After successful playoff run, Hurricanes agree to terms to keep Maurice, coaching staff

By AP
Monday, June 15, 2009

Hurricanes agrees to terms with Maurice

RALEIGH, N.C. — The Carolina Hurricanes knew they wanted Paul Maurice back after he led them to the Eastern Conference finals. Keeping his staff intact was important, too.

The team said Monday it has agreed to terms on a three-year contract for Maurice, who took over at midseason and helped the team return to the playoffs for the first time since winning the Stanley Cup in 2006. Also, the team said Ron Francis would return as associate head coach and take on the title of director of player personnel.

Assistant coaches Kevin McCarthy and Tom Rowe will remain on existing contracts, while Tom Barrasso — who completed his second season as goaltending coach and director of goalie development — also will take the title of assistant coach.

That staff helped the Hurricanes shake out of a slow start and become one of the NHL’s hottest teams over the final two months of the regular season. Then came a deep playoff run — which included a pair of Game 7 road victories — that charged up a fan base and helped the small-market franchise turn a profit for the first time since ‘06.

“Once we got into the playoffs … it became more and more obvious that Paul and this coaching staff was respected by the players, and they had bought into what was being taught to them and that this was the staff I had hoped we could go forward with,” team president and general manager Jim Rutherford said in a news conference.

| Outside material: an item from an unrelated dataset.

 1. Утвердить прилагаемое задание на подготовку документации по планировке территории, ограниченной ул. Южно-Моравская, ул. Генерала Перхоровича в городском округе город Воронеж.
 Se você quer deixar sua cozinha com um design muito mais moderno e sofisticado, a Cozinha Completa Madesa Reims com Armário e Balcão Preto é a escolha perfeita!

The 41-year-old Maurice replaced Peter Laviolette — the man who replaced him five years earlier — in December. Terms were not disclosed on Maurice’s contract, but the coach said there wasn’t much doubt that he’d be back after the playoff run.

“I don’t think there was necessarily a doubt that we were both interested in working together,” Maurice said via teleconference. “But we just both wanted to make sure it was as good as we though it was and it turned out to be.”

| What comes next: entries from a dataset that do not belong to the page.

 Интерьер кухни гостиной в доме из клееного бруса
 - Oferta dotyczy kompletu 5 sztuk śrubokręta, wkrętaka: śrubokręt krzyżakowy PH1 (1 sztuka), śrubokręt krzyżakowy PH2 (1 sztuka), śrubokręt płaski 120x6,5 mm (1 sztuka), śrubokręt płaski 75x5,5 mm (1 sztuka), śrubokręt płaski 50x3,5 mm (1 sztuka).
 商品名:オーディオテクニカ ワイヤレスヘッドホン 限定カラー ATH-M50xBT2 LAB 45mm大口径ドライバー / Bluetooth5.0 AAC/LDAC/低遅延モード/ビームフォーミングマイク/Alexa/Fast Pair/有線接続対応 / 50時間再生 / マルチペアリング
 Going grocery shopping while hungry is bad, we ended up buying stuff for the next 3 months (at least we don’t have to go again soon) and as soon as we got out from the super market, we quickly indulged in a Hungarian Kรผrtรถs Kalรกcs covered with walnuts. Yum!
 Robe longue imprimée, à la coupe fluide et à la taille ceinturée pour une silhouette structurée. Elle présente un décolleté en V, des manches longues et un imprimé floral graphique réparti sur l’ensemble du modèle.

Maurice is the franchise’s winningest coach and led the team to the 2002 Cup finals in his first stint with the team. He was fired in December 2003 and replaced by Laviolette, who led the team to the first major professional sports championship in North Carolina history.

Francis, a Hall of Fame player, joined the coaching staff when Maurice was rehired after working in the front office.

In this year’s playoffs, Carolina stunned New Jersey with a pair of goals in the final 80 seconds to win Game 7 of the first-round series. Then the Hurricanes beat top-seeded Boston with Scott Walker’s overtime goal in another Game 7 on the road.

Eventual Cup champion Pittsburgh swept the Hurricanes in the conference finals.

Rutherford said the staff contributed to the improved play of winger Chad LaRose and defenseman Anton Babchuk, and goaltender Cam Ward benefited from Barrasso’s instruction about what it means to be a No. 1 goaltender in the NHL.

Rutherford also said the team benefited from having Francis available to work with players on a daily basis, specifically mentioning star forward Eric Staal. But he didn’t want to pull Francis away from his work developing young players in the organization, adding that Francis occasionally won’t be on the bench because of other job responsibilities.